Порой они посвящают мне стихи, свои чиновничьи сонеты. Мы с Адель зачитываем их вслух с приличествующим случаю сентиментальным восторгом. Мы закатываем глаза, бьем себя в грудь и испускаем вздохи. Затем складываем из них дротики и швыряем друг в друга. Как видите, мы бодры и проводим дни, предаваясь нездоровому веселью. Либо так, либо увязнуть в слезах, страхах и дурных предчувствиях. Мы предпочитаем веселиться и отпускать зверские шутки.

Моя мать, напротив, пребывает в тревоге и печали, но я знаю, что в глубине души она страдает меньше, чем я. Возможно, потому что она старше и научилась держать чувства в узде. «Ничего с ним не случится, – говорит мне она. – Как думаешь, почему он вечно разгуливает в компании здоровяков?» Есть пистолеты, есть кинжалы, отвечаю я. «Кинжалы? Думаешь, кто-нибудь достанет его через мсье Дантона? Проткнет такую массу мышц?» Для этого Дантон должен заслонить Камиля собой, говорю я. «Разве Камилю не свойственно возбуждать в других желание отдать за него жизнь? Посмотри на меня. Да на себя посмотри».

Мы ждем скорой помолвки Адель. Макс бывает у нас и расхваливает аббата Терре. Многое из того, что сделал аббат, говорит он, не оценили по достоинству. Клод смирился с мыслью, что Макс прозябает на жалованье депутата и вынужден содержать брата и сестру.

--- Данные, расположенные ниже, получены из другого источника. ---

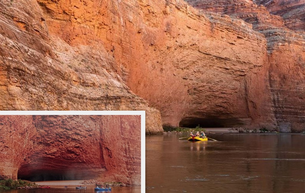 – ‘our’ five rafts with the beer – high water had shrunk this beach, but we stopped to walk up a side canyon –– our river guide Cully Erdman shows us how – he has done it before –– massive Redwall Cavern at mile 33 – pics National Geographic and oars.com – thanks! –– Herve, George & Jojo with her bikini ON –
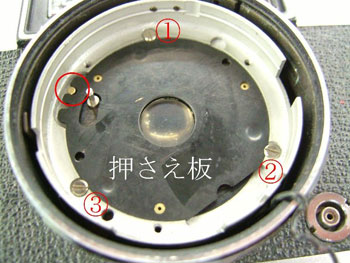 1から3のネジを外しますと、シャッターが前後に分離します。

Какой будет жизнь Адель? Робеспьер тоже получает письма, но они не похожи на те, что приходят Камилю. Письма приходят со всего города, это письма простых людей, которые разуверились в местных властях или угодили в неприятности. Они думают, что Макс разрешит все недоразумения. Он встает в пять утра, чтобы ответить всем. Иногда я думаю, что в быту он очень непритязателен. Его потребности в отдыхе и развлечениях ничтожны. А теперь спросите себя: понравится ли это Адель?


Робеспьер. На его попечении не только Париж. Письма приходят со всей страны. Провинциальные города завели свои якобинские клубы, комитет по переписке парижского клуба рассылает им новости и директивы. В ответ приходят послания, авторы которых хвалят и благодарят Робеспьера, выделяя его из прочей парижской братии. Теперь он может похвастаться не только поношениями от роялистов. Внутри тома «Общественного договора» Руссо он хранит письмо от одного молодого пикардийца по имени Антуан Сен-Жюст: «Я узнаю вас, Робеспьер, как узнаю Господа, по делам вашим». Когда он страдает, а он страдает все сильнее от пугающего стеснения в груди и одышки, когда глаза устают от печатного текста, он вспоминает письмо, и оно побуждает слабую плоть трудиться.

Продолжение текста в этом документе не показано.